Comment dès lors présenter ce livre précis, riche et, partant, volumineux ? D’un point de vue formel, le propos se décline en trois grands temps, consacré chacun à une étape dans la construction de l’événement en tant qu’événement. Problématique et chronologie se rejoignent ainsi globalement, puisqu’Alain Dewerpe revient dans un premier temps sur les « faits bruts », sur le déroulement précis de la manifestation, de sa préparation à sa dissolution, avant de considérer et de disséquer littéralement les suites immédiates de la manifestation, à travers le constat du scandale et du désordre provoqués, dévoilant l’enjeu d’une « mise en récit » susceptible de répondre au scandale, de le masquer ou de l’entretenir – c’est le temps de la controverse37. Le troisième temps témoigne de l’intégration indispensable de la problématique mémorielle dans le travail historique, et c’est là encore avec une précision clinique d’entomologiste qu’Alain Dewerpe revient sur les chemins divers et tourmentés d’une construction de la mémoire de Charonne.
Car de Charonne, on se souvient, directement ou indirectement, malgré les tentatives de mise en récit visant à oublier l’événement, à l’enterrer ou à en interdire la visibilité au nom de son caractère accidentel présumé, notamment. Le nom même suscite aujourd’hui encore la réaction, réveille le souvenir, ou renvoie, pour une génération qui n’a pas connu directement l’événement à une évocation « en second degré », véhiculée régulièrement par la mention et la référence, aussi bien dans le roman, la bande dessinée, le cinéma ou la chanson. Mais Charonne, objet de scandale, objet de justice, puis objet de mémoire, n’avait jusqu’à présent jamais vraiment été objet d’histoire.
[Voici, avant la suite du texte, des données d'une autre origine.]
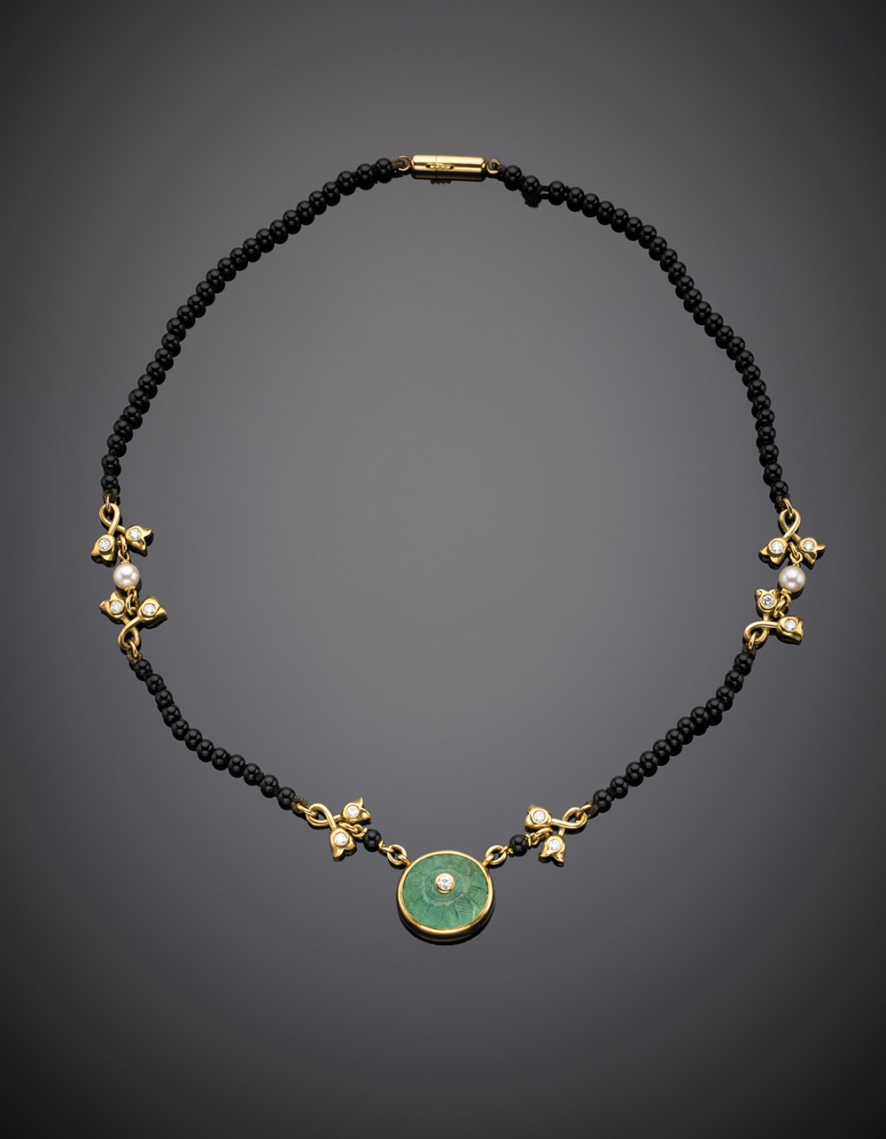 Collana in oro giallo con boules di onice, perle e diamanti ed al centro uno smeraldo cabochon ovale scolpito, g.17,60 lungh. cm 37,5 Yellow gold, pearl, diamond and onyx bead necklace with a central oval carved emerald, g.17,60 length cm 37,5
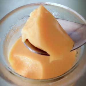 待2、3个小时后即可食用(我是早上做,下午吃的),嫩滑爽口的芒果布丁就大功告成了!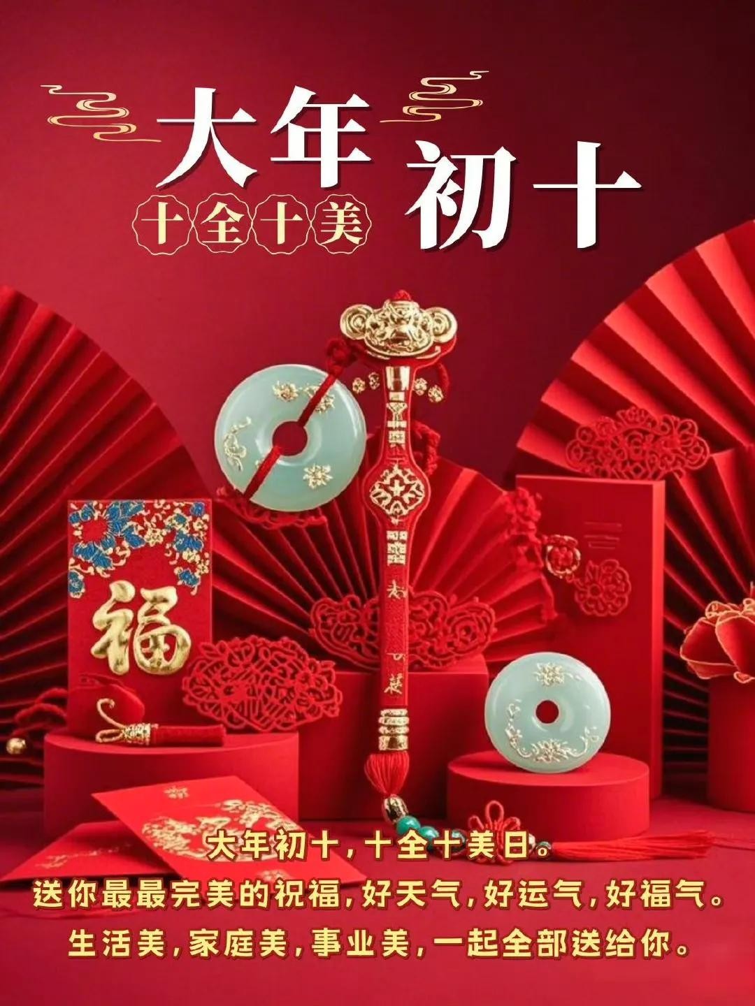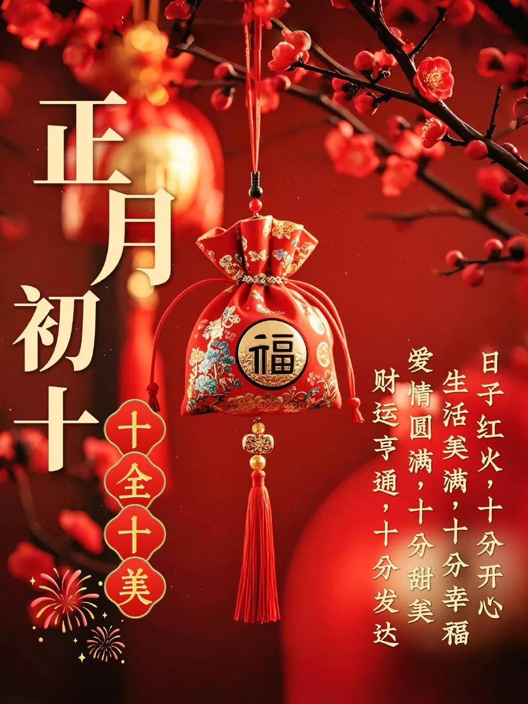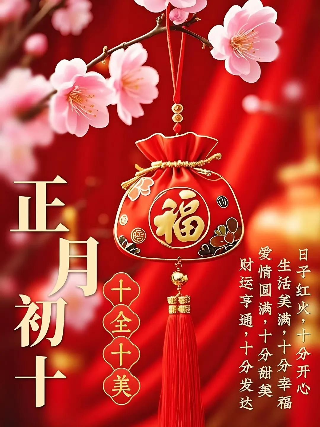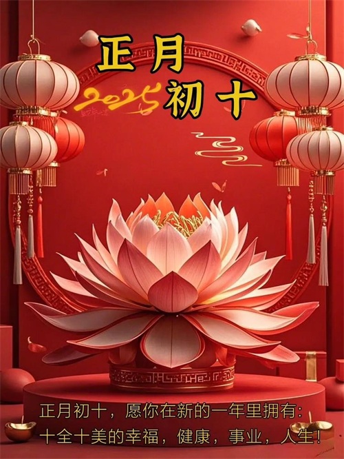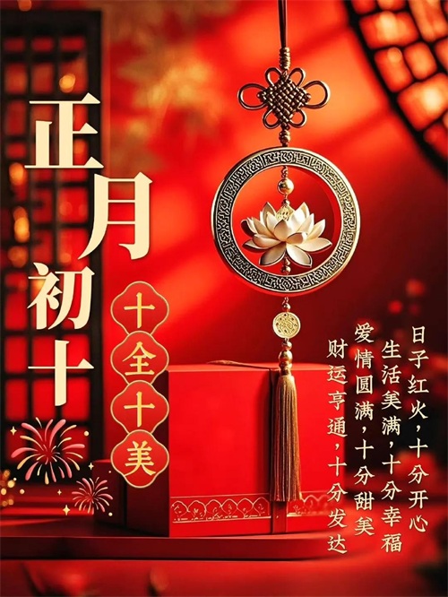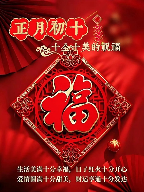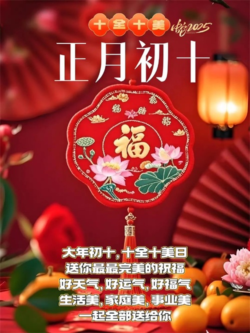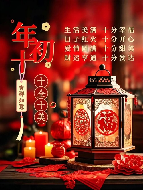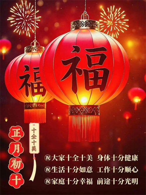 初十鞭炮震云霄,福禄寿喜齐报到。身体硬朗精神爽,吃嘛嘛香胃口好。心想事成有盼头,美梦成真不迟到。天天都有好心情,岁岁安康无病扰!
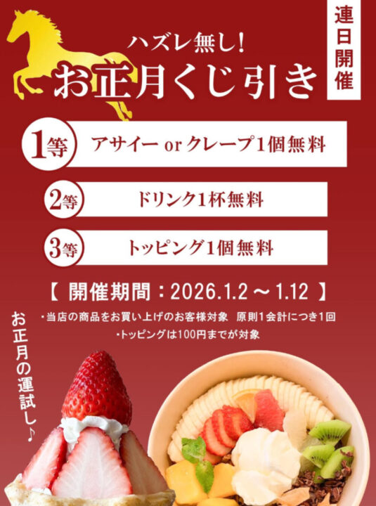 ぜひ、くじ引きイベントが開催されている2026年1月12日(月)までに訪れてみてくださいね~!✨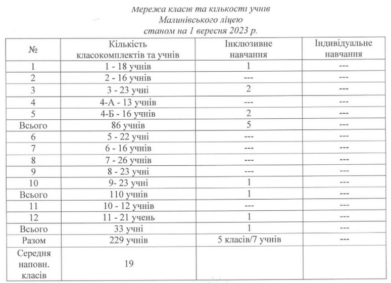 Інформація з сайту Малинівського ліцею: На 1 вересня 2023 року в ліцеї було 229 учнів, середня наповнюваність класів – 19 осіб. Для успішного навчання дітей облаштовані 18 класних кімнат, з них 2 кабінети інформатики, спортивна зала, актова зала, їдальня, майстерня трудового навчання.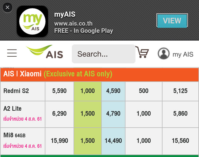 Xiaomi Mi 8 รุ่น 64GB จะมีราคาเครื่องเปล่าอยู่ที่ 15,990 บาท ส่วน Xiaomi Mi A2 Lite จะวางจำหน่ายในราคา 6,290 บาท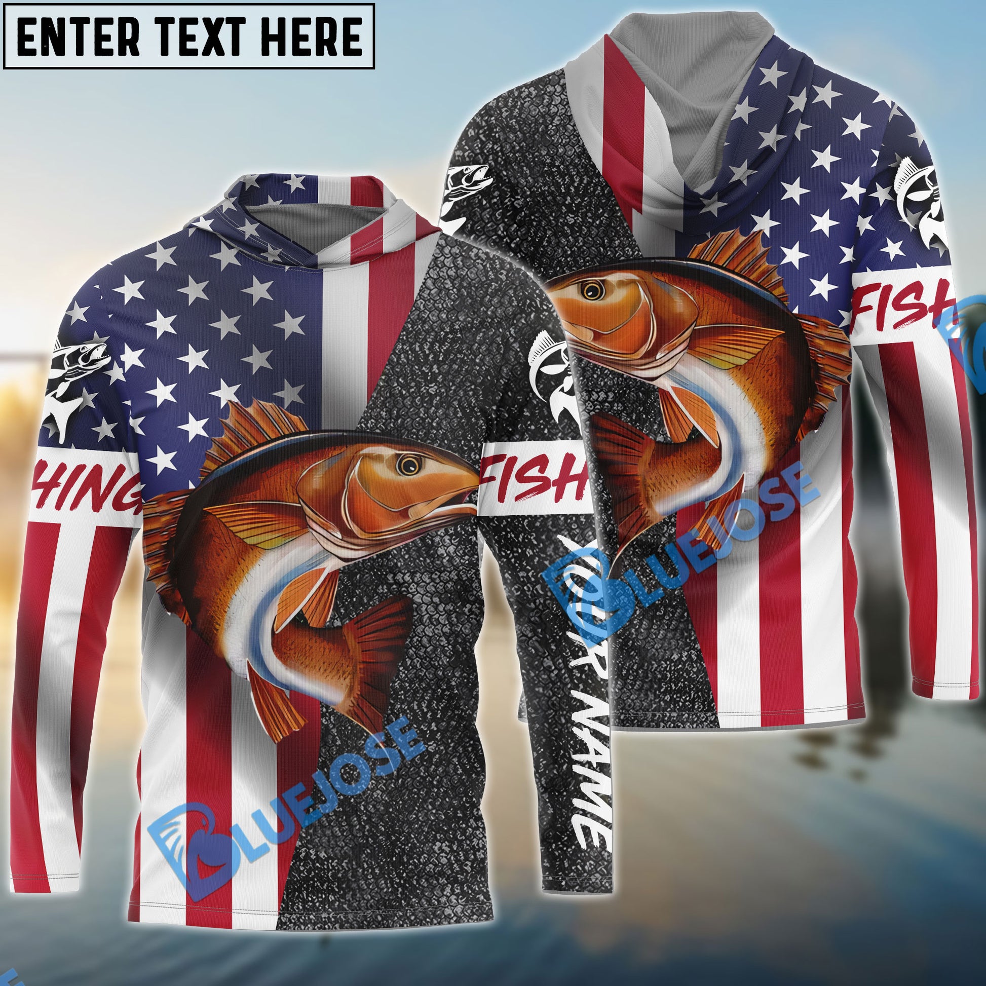 Bluejose American Flag Patriotic Redfish Fishing Jerseys, Personalized Red Drum Fishing Long Sleeve Shirts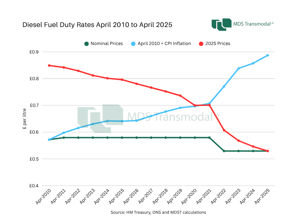 Unlike VAT and other taxes (e.g. income tax) which are calculated on a percentage basis, excise duties such as that levied on road fuel are valued at a fixed cost per unit sold, in this case pence per litre of fuel. In economic terms, therefore, freezing duty rates has the effect of eroding its overall ‘purchasing power’ value over time due to inflation.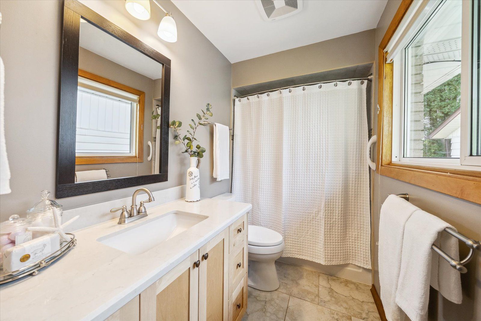 Welcome to quaint lakeside living in Port Perry! This lovely bungalow is nestled on a mature treelined street on a private 62 by 126 ft deep lot. Located in the heart of this welcoming community and just a quick walk to the lake with waterfront parks, splashpad and marina. Steps to charming historic downtown Port Perry with many unique boutique shops, and restaurants. When you walk in the front door you're greeted with freshly painted walls, large windows letting in lots of natural light and hardwood floors. The family sized eat-in kitchen was renovated in 2021 and features quartz counters and loads of cupboard space. Cozy gas fireplace in the living room that also features a bay window. Primary bedroom is generously sized for a king-sized bed and has a 4 piece ensuite. Convenient main floor laundry room! The open concept, professionally finished basement, has a separate entrance, newer broadloom, above grade windows and a bedroom. Private backyard great for entertaining or activitiesNew interlock patio 2021. New chainlink fence 2021. Roof Shingles 2020. Updated windows (some in 2022). Updated furnace and air conditioning unit. Water softener.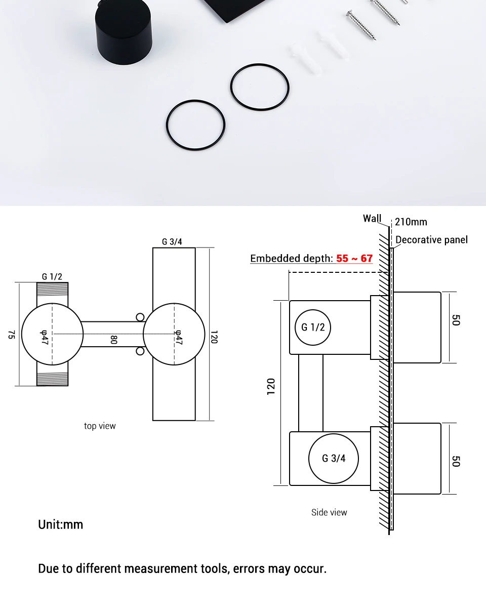 - 210 mm (wall + decorative panel) 8.268 in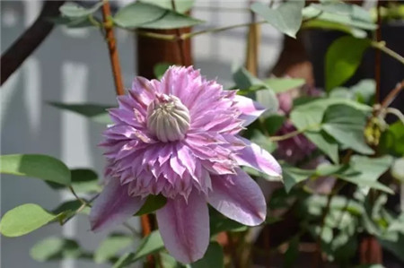 漂亮的重瓣铁线莲,粉色花瓣中部为还有一条深粉色的长带,带着独特的美丽,而且花期长,整个夏天都可以看花,非常适合小花园或盆栽。

Notons ici d’expérience que, même du côté d’une position de sympathie à l’égard de l’événement, la mémoire a justement peut-être fait écran à la démarche historique. C’est d’ailleurs l’un des grands mérites et l’une des leçons les plus fortes qu’apporte le travail d’Alain Dewerpe, à travers le déplacement radical de la perspective et du regard porté sur Charonne auquel il nous oblige, quelle que puisse être l’appréciation que l’on se forme préalablement de l’événement. Car si le terme de « mensonge » doit être réservé à ceux qui le formulent explicitement, en conscience, et qui d’évidence se situent d’abord du côté d’un pouvoir qui, pris au piège du scandale, se révèle sans scrupule, l’erreur, l’approximation et l’à-peu-près caractérisent aussi souvent le récit favorable, ce récit qui voudrait pourtant entrer en sympathie avec les victimes.
Les récits jusqu’à présent disponibles de Charonne apparaissent ainsi tiraillés dans l’entre-deux d’un mensonge officiel tendant à l’oubli et d’un travail de mémoire tendant à la célébration, mais dont on voit bien qu’ils puisent finalement dans des registres assez comparables. D’un côté, le déni des faits pour établir le mensonge et contraindre à l’oubli ; de l’autre, l’oubli des faits, leur reconstruction ou leur considération comme « évidence » pour célébrer et ne pas oublier … Or, le récit reconstruit et transmis de Charonne en vue de la célébration du souvenir des victimes s’avère épouser, sinon rejoindre, en de nombreux points, le récit officiel mensonger, révélant la victoire provisoire du pouvoir et masquant ainsi l’un des enjeux centraux, l’une des interrogations essentielles qu’aurait dû susciter l’événement et qu’il doit susciter aujourd’hui : la question de la violence d’État et de sa légitimité.
Il convient dès lors de repartir de ce niveau et de revenir sur quelques-uns des « lieux communs » qui constituent cette évidence fausse et trompeuse de Charonne.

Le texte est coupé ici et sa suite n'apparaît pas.